▸ Task objective
Nothing but the pictures may be left out. Restate the rest of the entries word for word.

▸ Data to use
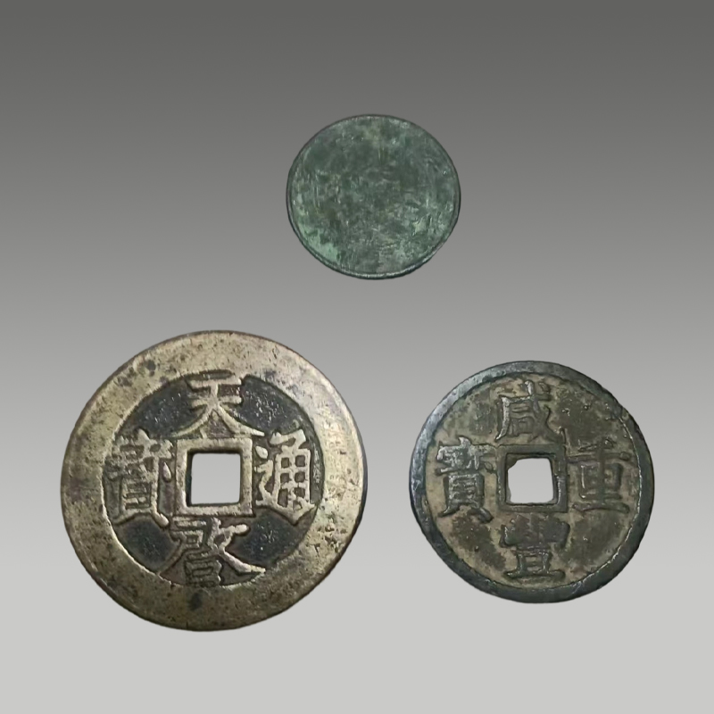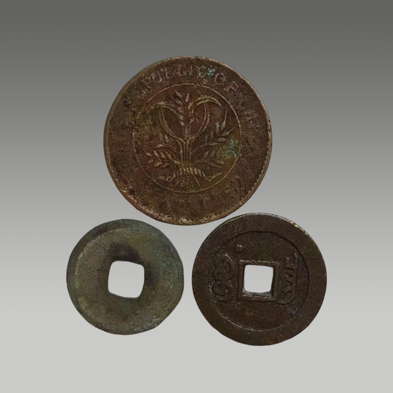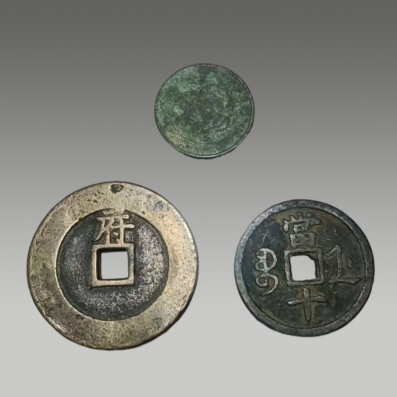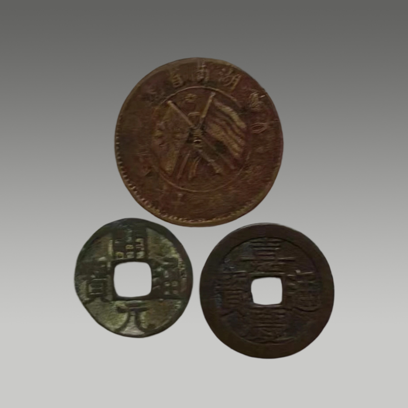这三枚钱币含一枚“重宝”大钱、一枚“通宝”钱币,还有一件铜元,品相完好包浆自然
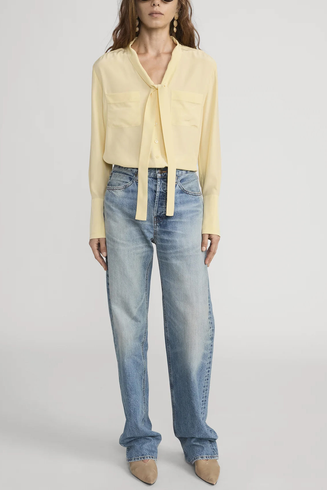 The Silk Modern Tie Blouse is crafted from 100% silk with a semi-sheer finish, featuring a soft tie-neck detail, double front pockets, and refined shirt cuffs—a best-selling silhouette reimagined in a new seasonal colorway.
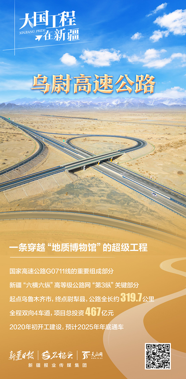 乌尉高速还是新疆“六横六纵”高等级公路网中“第3纵”,即“阿勒泰—乌鲁木齐—库尔勒—若羌”的重要组成部分。作为天山南北资源互通的大通道,它串联起“北疆城市带”和“南疆城市群”,实现准噶尔盆地与塔里木盆地高速(一级)环线的快速连接。
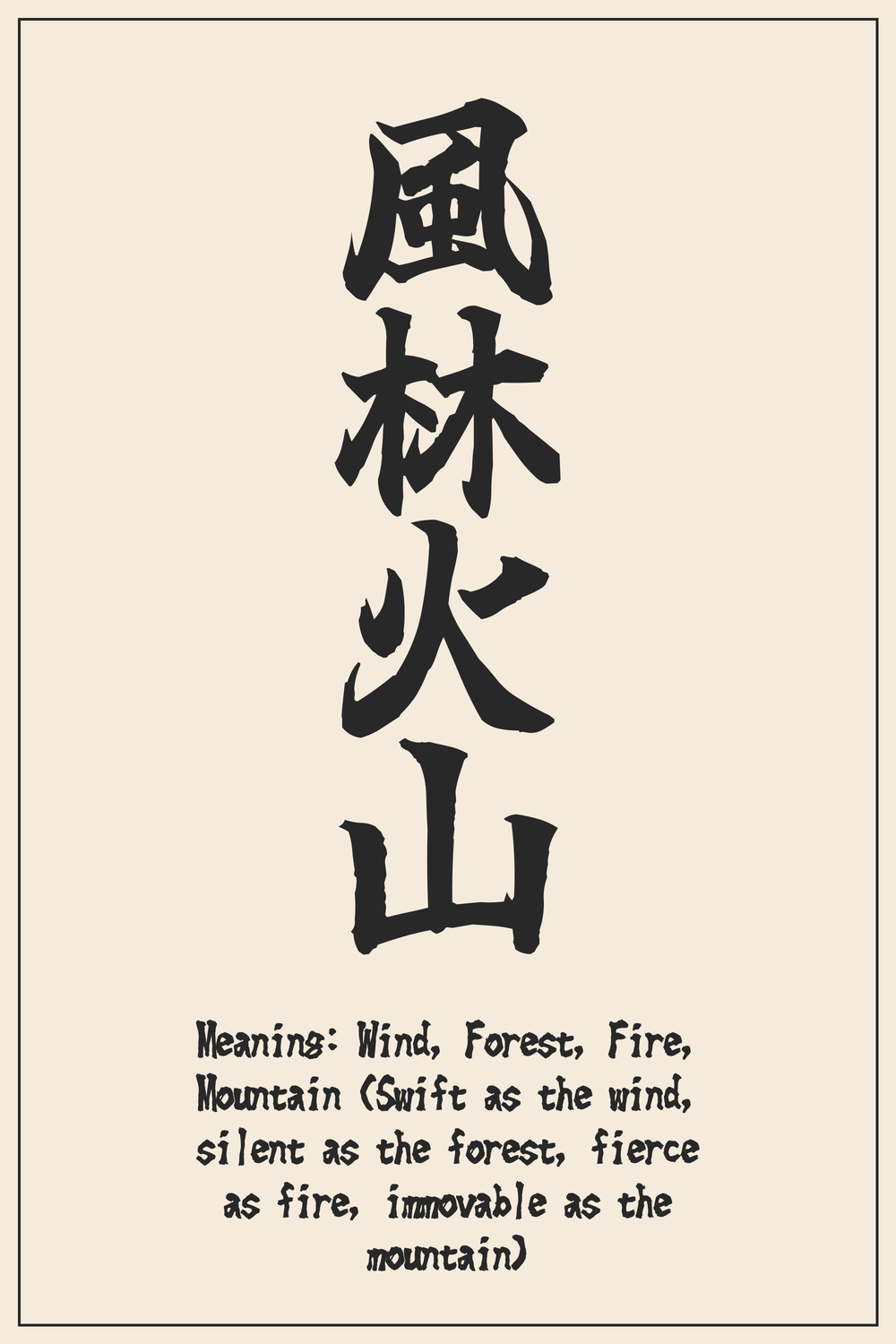 Each character within Fūrin Kazan contributes to its powerful meaning, representing a distinct aspect of strategic mastery.
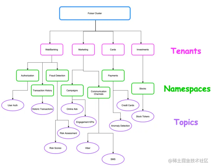 - 多租户:Apache Pulsar 从一开始就被设计成一个多租户系统。您可以将多租户视为不同的用户组,每个用户组都在自己的隔离环境中运行。Pulsar 的逻辑架构由租户、命名空间和主题组成。命名空间是租户内主题的逻辑分组。您可以使用定义的层次结构轻松映射组织的需求,并提供隔离、身份验证、授权、配额以及在命名空间和主题级别应用不同的策略。电子商务业务的多租户示例如下,将 WebBanking 和 Marketing 等不同部门作为租户,然后这些部门成员可以在租户内进行操作。
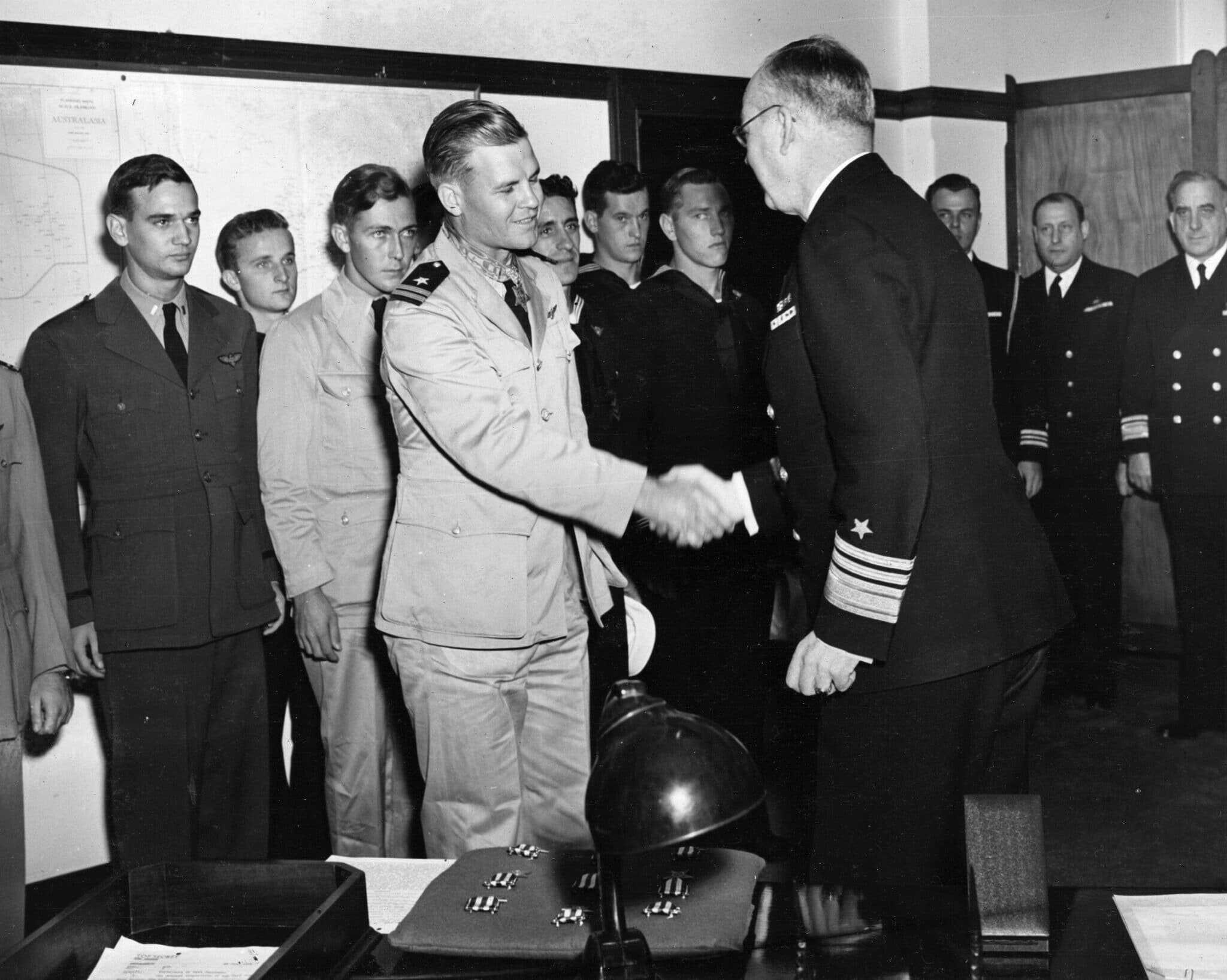 In September of 1944, Gordon and his crew were flown to Brisbane, Australia. There, Vice Admiral Thomas C. Kinkaid awarded the Congressional Medal of Honor to LT Nathan G Gordon USNR and presented his entire crew with the Silver Star. Years later Gordon would say that a telegram from Admiral William F. “Bull” Halsey, mentioning his Kavieng Dumbo mission, would be one of his proudest memories. The telegram read, “Please pass my admiration on to that saga-writing Kavieng Cat crew. This rescue was truly one of the most remarkable feats of the war – Halsey”. Gordon went on to become an instructor pilot at NAS Jacksonville and was flying out of NAS Anacostia in Washington DC when the war ended.

▸ Worked solution
这三枚钱币含一枚“重宝”大钱、一枚“通宝”钱币,还有一件铜元,品相完好包浆自然
 The Silk Modern Tie Blouse is crafted from 100% silk with a semi-sheer finish, featuring a soft tie-neck detail, double front pockets, and refined shirt cuffs—a best-selling silhouette reimagined in a new seasonal colorway.
 乌尉高速还是新疆“六横六纵”高等级公路网中“第3纵”,即“阿勒泰—乌鲁木齐—库尔勒—若羌”的重要组成部分。作为天山南北资源互通的大通道,它串联起“北疆城市带”和“南疆城市群”,实现准噶尔盆地与塔里木盆地高速(一级)环线的快速连接。
 Each character within Fūrin Kazan contributes to its powerful meaning, representing a distinct aspect of strategic mastery.
 - 多租户:Apache Pulsar 从一开始就被设计成一个多租户系统。您可以将多租户视为不同的用户组,每个用户组都在自己的隔离环境中运行。Pulsar 的逻辑架构由租户、命名空间和主题组成。命名空间是租户内主题的逻辑分组。您可以使用定义的层次结构轻松映射组织的需求,并提供隔离、身份验证、授权、配额以及在命名空间和主题级别应用不同的策略。电子商务业务的多租户示例如下,将 WebBanking 和 Marketing 等不同部门作为租户,然后这些部门成员可以在租户内进行操作。
 In September of 1944, Gordon and his crew were flown to Brisbane, Australia. There, Vice Admiral Thomas C. Kinkaid awarded the Congressional Medal of Honor to LT Nathan G Gordon USNR and presented his entire crew with the Silver Star. Years later Gordon would say that a telegram from Admiral William F. “Bull” Halsey, mentioning his Kavieng Dumbo mission, would be one of his proudest memories. The telegram read, “Please pass my admiration on to that saga-writing Kavieng Cat crew. This rescue was truly one of the most remarkable feats of the war – Halsey”. Gordon went on to become an instructor pilot at NAS Jacksonville and was flying out of NAS Anacostia in Washington DC when the war ended.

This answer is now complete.